凪砂を起こさないようにUターンすると、海に向かって自転車を走らせた…。




防風林を抜けると、子供の頃から慣れ親しんだ砂浜が現れる。

太陽の陽射しを受けて煌く波に目を細めながら、眠った凪砂をそっと背負うと、近くの木陰へと移動した。


海は俺達の全てを知っている。

楽しいことも、嬉しいことも、そして悲しいことも…。


砂浜に身体を下ろしても、凪砂の眠りは覚める事無く、規則正しい寝息を立てている。


海沿いで暮らしているというのに、凪砂の肌は透き通る様に白く、明るい色の髪はふわふわとして触り心地が良い。

「よく寝てるな…」

制服を着ていなければ、女の子でも通ってしまいそうなほどかわいらしい顔にそっと手を伸ばすと、眠る凪砂の身体がビクンと跳ねた。


「やめ…て…」

閉じた瞼がぴくぴくと動き、眉間に小さな皺が寄る。

「…おね…がい」

悪い夢を見てるのか、小さく呟く凪砂の声は、ひどく怯えていた。


「なぎ…」

悪夢に魘されている凪砂を起こそうと、肩に手を掛けたところで凪砂の目が覚めた。

「あれ、あれ…?」

「お…ぶはッ、なに…ってんだ!あはは…」

危険を察知した小動物みたいに、辺りをきょろきょろ見回す凪砂の姿が可笑しくて、ついつい笑ってしまった。
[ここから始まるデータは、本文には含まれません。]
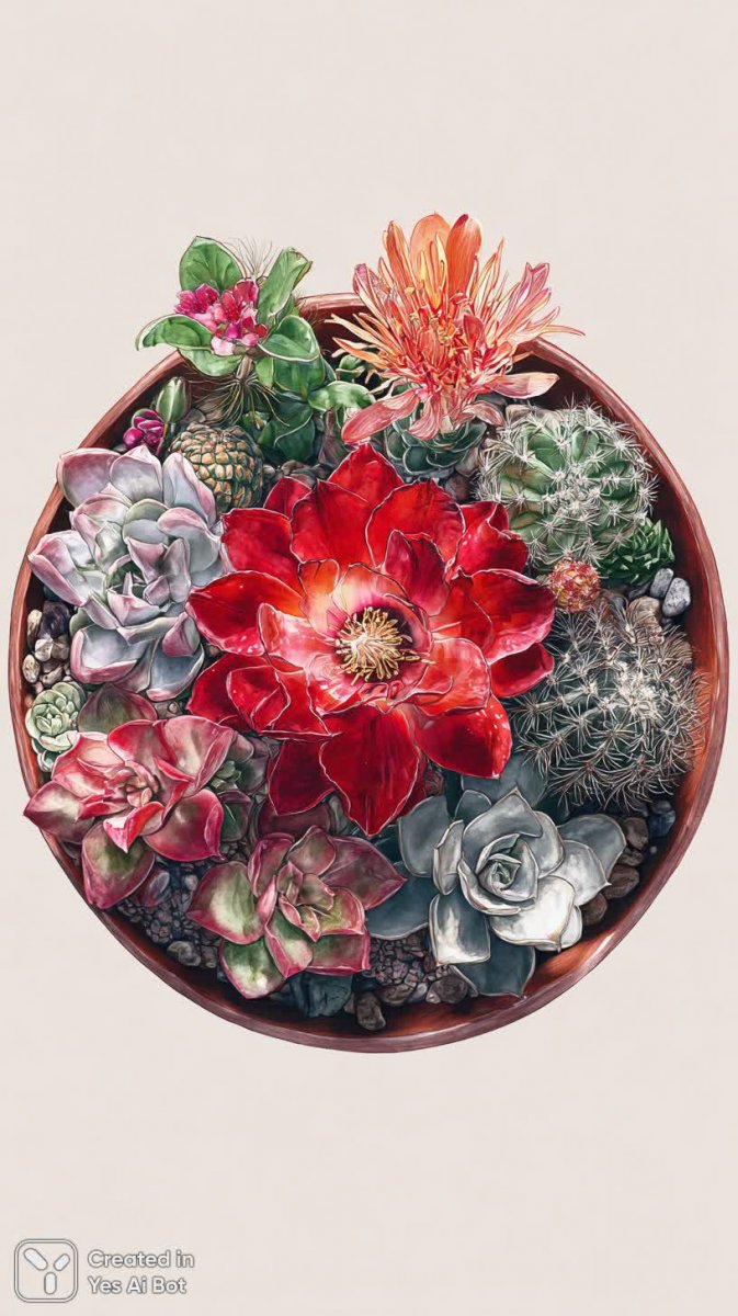 Изысканная композиция, где мир суккулентов и кактусов раскрывается во всей своей красе. Фотография выполнена в профессиональном стиле с видом сверху, демонстрируя разнообразие форм и оттенков этих удивительных растений, размещенных в стильном лечаза-флорариуме. Идеально чистый светлый фон подчеркивает детализацию и текстуру каждого растения, создавая ощущение воздушности и легкости. В центре внимания – очаровательный рыжий кот, с любопытством принюхивающийся к яркому красному кактусу. Мягкое студийное освещение акцентирует богатство текстур, добавляя изображению реалистичности и тепла. Эта картина – воплощение гармонии природы и домашнего уюта, сочетающее в себе эстетическую привлекательность и тонкую наблюдательность. Это не просто фотография растений, а целая история о взаимодействии живых существ и красоте окружающего мира, запечатленная с мастерством профессионального фотографа. Идеальный выбор для тех, кто ценит изысканность, природную элегантность и необычные визуальные решения. Кажется, что время остановилось в этом моменте, позволяя зрителю насладиться каждым деталем этой волшебной сцены

腹の底からお陰で、ざわついていた気持ちが少しだけ落ち着いたけど、それでもやっぱり不安だった。

…俺は、凪砂の力になれるか?

自分に問い掛けながら、そっと凪砂の名前を呼んだ。


「凪砂…」

俺の緊張が伝わったのか、凪砂の顔が少しだけ強張った。

「なに…?」

「俺って…俺じゃ、おまえの力になれないのか?」


本当は色々問い詰めてみたかった。

おまえを苦しめているものや、おまえを強がらせてしまうもの…何でも良いから知りたかった。

なのに俺の口から出るのは、そんな言葉だった。


「どういう…事?」

「俺…さ、ずっとおまえの側にいるのに、何の力にもなってやれてねえなぁ…って思ってさ」


…何と言ってやればいいんだろう?

上手く言葉を選ばなければ、こいつの口は貝のように閉じてしまう。


「そんな事ないよ。僕は陸が側にいてくれるだけで心強いよ。 それだけで十分だよ…」

そう言って俺に向けた顔には、嘘臭い笑顔が浮かんでいた。


…また強がってる。

無理に笑う凪砂の顔なんて見たくないから、両頬を指で摘みながら左右に引っ張って、嘘臭い笑顔を消してやった。


「ホントにそう思ってるのか?」

「おもっ…へる…」

真面目に質問したのに、答えた凪砂の声があまりにも可笑しくて、どちらからともなく笑いが漏れた。



「凪砂…」

…おまえの笑顔を守りたい。

「なに?」

「俺が側にいるから」


困ったことがあったら、辛いことがあったら、俺が力になってやる。

何かあったら、いつでも駆けつけてやる。

ずっと見守っていてやる。


…今の俺には、それしか出来ないけど。


俺を見詰める凪砂の顔に、泣き出しそうな表情が浮かんだ…。